Recommendation


Analytics Zoo provides two Recommenders, including Wide and Deep (WND) model and Neural network-based Collaborative Filtering (NCF) model. Each model could be fed into NNFrames or BigDL Optimizer directly for training.

Recommenders can handle models with either explict or implicit feedback, given corresponding features.

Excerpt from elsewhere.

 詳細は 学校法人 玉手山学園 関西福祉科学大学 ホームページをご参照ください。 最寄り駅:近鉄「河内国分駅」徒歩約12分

We also provide three user-friendly APIs to predict user item pairs, and recommend items (users) for users (items). See here for more details.


Wide and Deep

Wide and Deep Learning Model, proposed by Google, 2016, is a DNN-Linear mixed model, which combines the strength of memorization and generalization. It's useful for generic large-scale regression and classification problems with sparse input features (e.g., categorical features with a large number of possible feature values). It has been used for Google App Store for their app recommendation.

After training the model, users can use the model to do prediction and recommendation.

Scala

val wideAndDeep = WideAndDeep(modelType = "wide_n_deep", numClasses, columnInfo, hiddenLayers = Array(40, 20, 10))

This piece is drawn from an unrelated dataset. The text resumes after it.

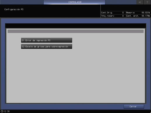 Esta pantalla se muestra si selecciona Configuración de impresión directa - Configuración PS en la pantalla Controlador menú de ajustes de máquina. Para obtener más información sobre cómo visualizar la pantalla Controlador menú de ajustes de máquina, consulte Descripción general del controlador.

See here for the Scala example that trains the WideAndDeep model on MovieLens 1M dataset and uses the model to do prediction and recommendation.

Python

wide_and_deep = WideAndDeep(class_num, column_info, model_type="wide_n_deep", hidden_layers=(40, 20, 10))

See here for the Python notebook that trains the WideAndDeep model on MovieLens 1M dataset and uses the model to do prediction and recommendation.


Neural network-based Collaborative Filtering

NCF (He, 2015) leverages a multi-layer perceptrons to learn the user–item interaction function. At the mean time, NCF can express and generalize matrix factorization under its framework. includeMF(Boolean) is provided for users to build a NeuralCF model with or without matrix factorization.

After training the model, users can use the model to do prediction and recommendation.

Scala

val ncf = NeuralCF(userCount, itemCount, numClasses, userEmbed = 20, itemEmbed = 20, hiddenLayers = Array(40, 20, 10), includeMF = true, mfEmbed = 20)

See here for the Scala example that trains the NeuralCF model on MovieLens 1M dataset and uses the model to do prediction and recommendation.

Python

ncf = NeuralCF(user_count, item_count, class_num, user_embed=20, item_embed=20, hidden_layers=(40, 20, 10), include_mf=True, mf_embed=20)

See here for the Python notebook that trains the NeuralCF model on MovieLens 1M dataset and uses the model to do prediction and recommendation.


Prediction and Recommendation

Predict for user-item pairs

Give prediction for each pair of user and item. Return RDD of UserItemPrediction.

Scala

predictUserItemPair(featureRdd)

Python

predict_user_item_pair(feature_rdd)

Parameters:

Recommend for users

Recommend a number of items for each user. Return RDD of UserItemPrediction.

Scala

recommendForUser(featureRdd, maxItems)

Python

recommend_for_user(feature_rdd, max_items)

Parameters:

Recommend for items

Recommend a number of users for each item. Return RDD of UserItemPrediction.

Scala

recommendForItem(featureRdd, maxUsers)

Python

recommend_for_item(feature_rdd, max_users)

Parameters:


Model Save

After building and training a WideAndDeep or NeuralCF model, you can save it for future use.

Scala

wideAndDeep.saveModel(path, weightPath = null, overWrite = false)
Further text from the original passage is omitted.